Нара приехала в Килморскую долину не только за голосами мёртвого языка. Она приехала сюда умирать – не телом, так памятью. Год назад на мокрой трассе погиб Дарах, и с тех пор она таскала внутри себя пустоту, которая не заполнялась ни работой, ни полевыми экспедициями, ни долгими прогулками вдоль дублинских набережных. Всё, что осталось от неё прежней, – диктофон, блокнот и кольцо на цепочке под рубашкой. Старуха Бригит, у которой она снимала комнату, говорила о Лите так, будто это была не дата в календаре, а дверь, которую приотворяет само солнце. Пахло в её доме живым дымом, мокрой шерстью и мёдом – совсем не так, как в архивах. Нара включила диктофон и положила его на стол, но Бригит покосилась на красный огонёк записи и усмехнулась: «Твоя машинка не поможет, девочка. То, о чём я говорю, на плёнку не ложится». – «Почему?» – «Потому что Древний народ не любит, когда за ними подглядывают через стёкла и провода. Они либо прячутся, либо ломают. Проверено». Нара из вежливости выключила диктофон, но блокнот оставила открытым.
– Не ходи к кургану, – сказала Бригит, протягивая веточку с мелкими жёлтыми цветами. – В самую короткую ночь они ищут глаза. Нара взяла веточку, повертела в пальцах. Зверобой. По-ирландски – Allas Muire, трава Богородицы. – Расскажите про королей. – Два брата, два дерева. Дуб и Падуб. Один правит от Йоля до Литы, другой – от Литы до Йоля. В самую короткую ночь они бьются на поляне у сида, и один передаёт другому сердце лета. А потом костры гасят, и колесо катится дальше. – И каждый год одно и то же? – Не всегда. Иногда смертные вмешиваются. Тогда лето может не кончиться вовсе. Или зима придёт раньше срока. Баланс – штука хрупкая. Дубовый Король устаёт к лету, он слабеет. Но бывает – не хочет уходить. И тогда ищет, кому бы доверить половину короны. – Половину короны? – Жёлудь. Живое сердце лета. Если Дубовый не передаст его Падубовому – равновесие рухнет. Лето будет вечным, земля истощится, реки пересохнут. А если передаст не тому… – Бригит не договорила, только перекрестилась и сплюнула в огонь. – Не ходи к кургану, говорю. Особенно ты. – Почему «особенно я»? – Потому что пустых они чуют сразу. А ты пустая, девочка. Я вижу. – Бригит посмотрела на неё долгим взглядом, и Нара вдруг поняла: старуха не осуждает. Она просто знает, что пустота – это тоже часть жизни, и из неё всё когда-нибудь вырастает заново. – И ещё запомни: они не боги и не демоны.

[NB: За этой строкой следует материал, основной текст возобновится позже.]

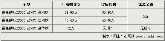 據(jù)4S店銷售人員介紹,因?yàn)閺S家對(duì)IS300系列減產(chǎn),所以目前的現(xiàn)車并不是很多。目前炫動(dòng)版和豪華版店內(nèi)都有現(xiàn)車,此兩款車在經(jīng)3萬元優(yōu)惠后,售價(jià)分別為36.98萬元和45.40萬元。而多了真皮座椅等配置的雷克薩斯IS300 豪華版店內(nèi)沒有現(xiàn)車銷售,所以不在此次優(yōu)惠列隊(duì)中。

Они – те, кто был здесь до нас. Им нет дела до добра и зла, только до смены сезонов и соблюдения правил.
Нара хотела возразить, но слова застряли в горле. Она сунула зверобой в карман, взяла диктофон – на всякий случай – и вышла в сумерки. Улица встретила её молчанием: пять домов, колодец с покосившимся срубом, ржавый указатель на Корк. В окне крайнего дома горела свеча, хотя электричество в деревне было, а старуха в чёрном платке сидела на пороге и перебирала чётки, не глядя на Нару – будто знала, куда она идёт. Нара поёжилась и зашагала к пустоши. Курган стоял в миле от деревни, поросший вереском и колючим тёрном, и солнце висело над морем золотой каплей, никак не желая упасть за горизонт. Воздух был густой и сладкий, пахло нагретой травой и диким тимьяном, а птицы замолкли разом, будто кто-то выключил звук. Нара подошла к холму, заросшему папоротником и мхом, села на камень, включила диктофон и приготовилась ждать – не из научного любопытства, скорее из равнодушия. Если они действительно существуют и могут забрать её память, может, это и к лучшему.
В полночь курган задышал. Земля на вершине пошла рябью, как вода от брошенного камня, и в воздухе проступила щель между слоями реальности, откуда пахнуло холодом, сырой землёй и чем-то древним, чему Нара не могла подобрать названия. Она подняла диктофон, нажала запись – и аппарат в её руке захрипел, защёлкал и выключился, экран погас. Нара убрала его в карман и стала смотреть. Первыми вышли музыканты – она не видела их, но слышала тонкую, звенящую мелодию, от которой хотелось то ли плакать, то ли идти на звук, забыв себя, и Нара стиснула зубы, вцепилась в камень. Потом появилась свита Холмового народа – высокие, бледные, с глазами цвета сумеречного неба, в одеждах из тумана и паутины, и они не шли, а скользили, как отражения в чёрной воде. За ними, окружённый сиянием, ступал Дубовый Король – измождённый, не могучий воин, а дерево на исходе сил. Кожа его была корой, в трещинах сочился золотой сок, волосы – пожухлая листва, заплетённая в косы, а глаза – два жёлудя, горящие тихим, ровным светом. Он шёл с трудом, опираясь на посох из корня дуба, и каждый шаг отдавался в земле глухим стоном, а Нара смотрела на него и чувствовала странное родство: он тоже умирал, тоже был на исходе.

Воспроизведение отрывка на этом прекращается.